> WHAT IS EXPECTED: Please, from the entries below, transcribe exactly the lines that begin at the line with "Bez poškodenia, jednoduché" and end at the line with "Глубокая сковорода Elan", without the pictures.

> Stored records:

============

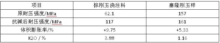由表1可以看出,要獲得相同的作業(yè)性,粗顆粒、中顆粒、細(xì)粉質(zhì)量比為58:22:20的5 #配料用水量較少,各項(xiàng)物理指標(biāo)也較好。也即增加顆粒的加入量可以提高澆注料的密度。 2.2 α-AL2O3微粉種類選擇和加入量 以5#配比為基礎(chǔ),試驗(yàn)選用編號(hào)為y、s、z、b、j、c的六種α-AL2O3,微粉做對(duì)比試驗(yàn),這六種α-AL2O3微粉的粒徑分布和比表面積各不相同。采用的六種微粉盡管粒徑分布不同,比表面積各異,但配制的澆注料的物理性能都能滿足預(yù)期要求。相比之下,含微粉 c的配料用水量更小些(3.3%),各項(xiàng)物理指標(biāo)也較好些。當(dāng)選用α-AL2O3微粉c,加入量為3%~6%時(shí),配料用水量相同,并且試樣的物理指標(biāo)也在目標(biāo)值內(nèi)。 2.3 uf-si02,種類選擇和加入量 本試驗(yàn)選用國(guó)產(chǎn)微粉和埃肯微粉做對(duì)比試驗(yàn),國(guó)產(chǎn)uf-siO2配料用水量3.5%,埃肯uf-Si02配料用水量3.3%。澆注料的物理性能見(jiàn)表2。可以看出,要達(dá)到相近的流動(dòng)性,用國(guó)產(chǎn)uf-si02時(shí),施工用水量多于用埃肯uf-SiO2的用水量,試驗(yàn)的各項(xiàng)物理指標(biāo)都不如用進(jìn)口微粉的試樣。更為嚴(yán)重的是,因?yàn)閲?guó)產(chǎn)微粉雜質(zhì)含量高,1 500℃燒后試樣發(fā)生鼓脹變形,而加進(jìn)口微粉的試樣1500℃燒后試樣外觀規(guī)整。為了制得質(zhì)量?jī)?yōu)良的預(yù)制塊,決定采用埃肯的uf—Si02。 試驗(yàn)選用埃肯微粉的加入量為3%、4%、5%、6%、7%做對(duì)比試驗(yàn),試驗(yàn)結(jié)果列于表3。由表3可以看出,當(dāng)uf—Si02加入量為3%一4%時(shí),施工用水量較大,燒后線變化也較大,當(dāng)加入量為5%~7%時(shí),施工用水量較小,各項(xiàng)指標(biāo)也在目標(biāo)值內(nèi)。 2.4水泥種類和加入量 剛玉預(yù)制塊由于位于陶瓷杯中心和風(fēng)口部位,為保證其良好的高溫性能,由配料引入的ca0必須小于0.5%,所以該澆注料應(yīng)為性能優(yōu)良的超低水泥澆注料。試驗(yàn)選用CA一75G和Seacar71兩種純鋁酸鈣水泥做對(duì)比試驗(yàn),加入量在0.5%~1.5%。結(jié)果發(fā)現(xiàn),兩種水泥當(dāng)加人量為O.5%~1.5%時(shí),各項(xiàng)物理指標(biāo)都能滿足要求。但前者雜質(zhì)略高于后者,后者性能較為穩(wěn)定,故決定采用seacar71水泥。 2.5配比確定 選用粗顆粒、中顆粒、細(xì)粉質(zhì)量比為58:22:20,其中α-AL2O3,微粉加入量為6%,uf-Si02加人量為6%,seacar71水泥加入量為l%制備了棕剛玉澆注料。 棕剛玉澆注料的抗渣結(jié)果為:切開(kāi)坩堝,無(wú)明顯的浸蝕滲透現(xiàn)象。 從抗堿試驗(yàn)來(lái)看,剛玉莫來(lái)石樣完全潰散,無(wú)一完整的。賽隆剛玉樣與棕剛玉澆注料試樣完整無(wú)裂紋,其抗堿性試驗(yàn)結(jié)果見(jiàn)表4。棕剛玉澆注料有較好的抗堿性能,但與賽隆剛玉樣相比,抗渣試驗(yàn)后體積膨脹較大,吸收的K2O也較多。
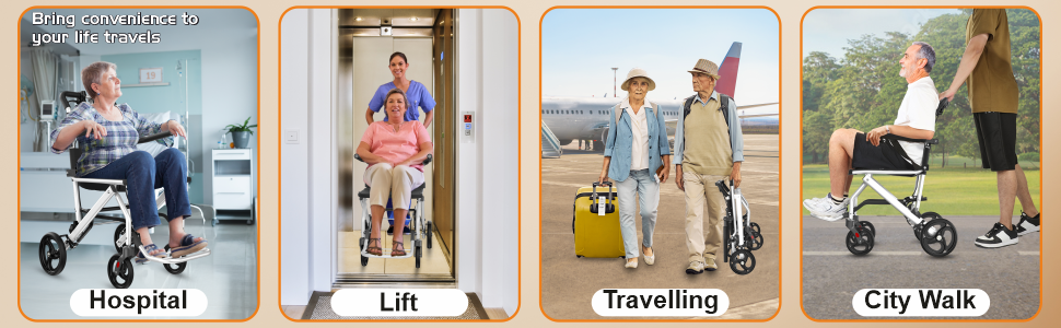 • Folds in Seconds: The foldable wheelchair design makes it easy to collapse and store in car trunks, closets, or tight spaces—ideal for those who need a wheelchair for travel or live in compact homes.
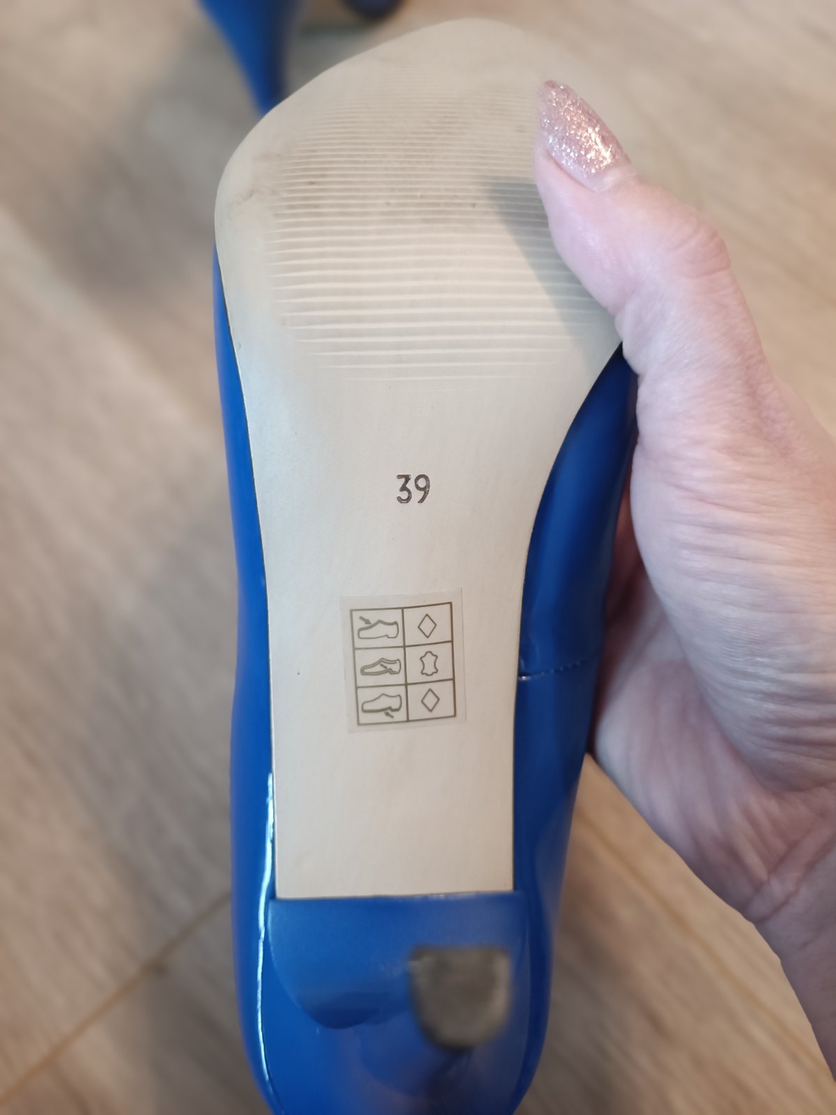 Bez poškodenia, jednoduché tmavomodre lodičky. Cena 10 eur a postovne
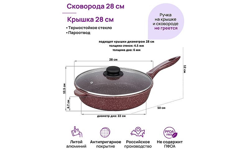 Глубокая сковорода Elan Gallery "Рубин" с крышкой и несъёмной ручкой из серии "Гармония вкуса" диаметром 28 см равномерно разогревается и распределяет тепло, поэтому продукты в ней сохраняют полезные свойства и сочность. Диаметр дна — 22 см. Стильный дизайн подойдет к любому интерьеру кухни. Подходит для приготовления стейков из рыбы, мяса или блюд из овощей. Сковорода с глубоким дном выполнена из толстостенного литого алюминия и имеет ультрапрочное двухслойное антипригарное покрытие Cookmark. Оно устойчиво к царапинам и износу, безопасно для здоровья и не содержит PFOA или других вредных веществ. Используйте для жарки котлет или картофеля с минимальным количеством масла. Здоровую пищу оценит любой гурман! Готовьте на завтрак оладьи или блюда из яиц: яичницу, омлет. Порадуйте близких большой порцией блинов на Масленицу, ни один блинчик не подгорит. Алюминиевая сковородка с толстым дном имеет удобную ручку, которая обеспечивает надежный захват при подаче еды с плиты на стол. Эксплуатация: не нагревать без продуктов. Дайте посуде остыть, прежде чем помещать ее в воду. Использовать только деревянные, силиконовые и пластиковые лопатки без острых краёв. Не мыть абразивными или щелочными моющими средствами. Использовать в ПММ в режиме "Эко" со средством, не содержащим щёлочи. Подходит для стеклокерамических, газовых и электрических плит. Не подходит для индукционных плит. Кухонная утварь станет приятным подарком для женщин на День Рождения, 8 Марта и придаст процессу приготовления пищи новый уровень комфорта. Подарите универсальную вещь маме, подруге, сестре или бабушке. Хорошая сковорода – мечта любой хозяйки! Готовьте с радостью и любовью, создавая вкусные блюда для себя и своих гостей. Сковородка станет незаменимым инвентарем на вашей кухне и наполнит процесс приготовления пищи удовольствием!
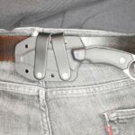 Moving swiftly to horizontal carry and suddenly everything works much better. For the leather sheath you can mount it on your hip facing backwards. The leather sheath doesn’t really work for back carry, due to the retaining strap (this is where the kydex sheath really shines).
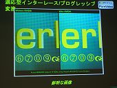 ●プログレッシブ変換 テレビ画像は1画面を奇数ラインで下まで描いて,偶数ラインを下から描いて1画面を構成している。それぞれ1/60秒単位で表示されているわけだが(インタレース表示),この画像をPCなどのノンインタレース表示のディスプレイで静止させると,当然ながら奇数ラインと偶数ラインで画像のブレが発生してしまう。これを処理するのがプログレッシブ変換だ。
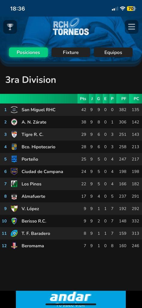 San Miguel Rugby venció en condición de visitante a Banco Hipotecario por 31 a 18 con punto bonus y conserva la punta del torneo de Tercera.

============

> SOLUTION TO THIS TASK:
 Bez poškodenia, jednoduché tmavomodre lodičky. Cena 10 eur a postovne
 Глубокая сковорода Elan Gallery "Рубин" с крышкой и несъёмной ручкой из серии "Гармония вкуса" диаметром 28 см равномерно разогревается и распределяет тепло, поэтому продукты в ней сохраняют полезные свойства и сочность. Диаметр дна — 22 см. Стильный дизайн подойдет к любому интерьеру кухни. Подходит для приготовления стейков из рыбы, мяса или блюд из овощей. Сковорода с глубоким дном выполнена из толстостенного литого алюминия и имеет ультрапрочное двухслойное антипригарное покрытие Cookmark. Оно устойчиво к царапинам и износу, безопасно для здоровья и не содержит PFOA или других вредных веществ. Используйте для жарки котлет или картофеля с минимальным количеством масла. Здоровую пищу оценит любой гурман! Готовьте на завтрак оладьи или блюда из яиц: яичницу, омлет. Порадуйте близких большой порцией блинов на Масленицу, ни один блинчик не подгорит. Алюминиевая сковородка с толстым дном имеет удобную ручку, которая обеспечивает надежный захват при подаче еды с плиты на стол. Эксплуатация: не нагревать без продуктов. Дайте посуде остыть, прежде чем помещать ее в воду. Использовать только деревянные, силиконовые и пластиковые лопатки без острых краёв. Не мыть абразивными или щелочными моющими средствами. Использовать в ПММ в режиме "Эко" со средством, не содержащим щёлочи. Подходит для стеклокерамических, газовых и электрических плит. Не подходит для индукционных плит. Кухонная утварь станет приятным подарком для женщин на День Рождения, 8 Марта и придаст процессу приготовления пищи новый уровень комфорта. Подарите универсальную вещь маме, подруге, сестре или бабушке. Хорошая сковорода – мечта любой хозяйки! Готовьте с радостью и любовью, создавая вкусные блюда для себя и своих гостей. Сковородка станет незаменимым инвентарем на вашей кухне и наполнит процесс приготовления пищи удовольствием!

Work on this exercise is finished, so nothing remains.